THE PROBLEM:
For the records below, copy exactly the span that begins at the line containing "Eine BMW F 800" and stops after the line containing "2 lengder med", minus any pictures.

RECORDED INFORMATION:
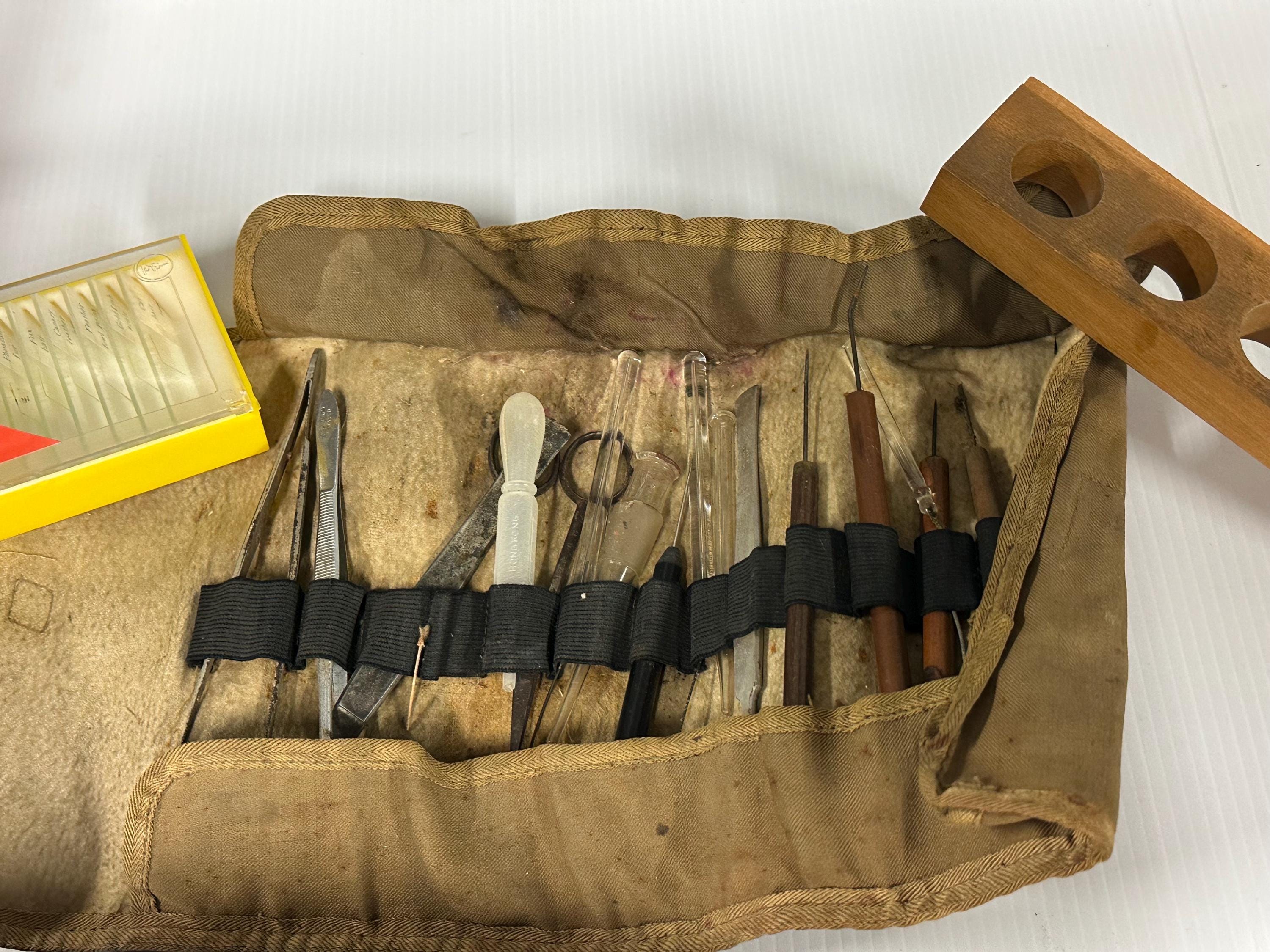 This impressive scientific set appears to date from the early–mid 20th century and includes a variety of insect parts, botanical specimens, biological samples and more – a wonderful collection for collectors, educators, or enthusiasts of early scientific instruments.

---

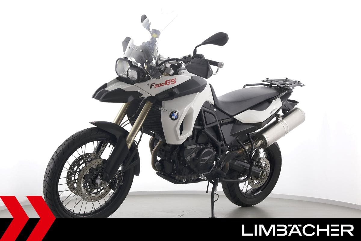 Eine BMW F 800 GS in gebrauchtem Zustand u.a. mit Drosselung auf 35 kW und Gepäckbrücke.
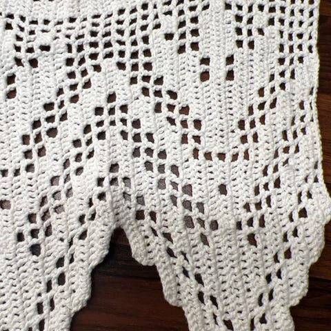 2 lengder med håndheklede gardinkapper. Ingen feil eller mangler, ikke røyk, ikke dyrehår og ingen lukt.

...

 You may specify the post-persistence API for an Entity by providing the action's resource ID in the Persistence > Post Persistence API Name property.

COMPLETED EXERCISE:
 Eine BMW F 800 GS in gebrauchtem Zustand u.a. mit Drosselung auf 35 kW und Gepäckbrücke.
 2 lengder med håndheklede gardinkapper. Ingen feil eller mangler, ikke røyk, ikke dyrehår og ingen lukt.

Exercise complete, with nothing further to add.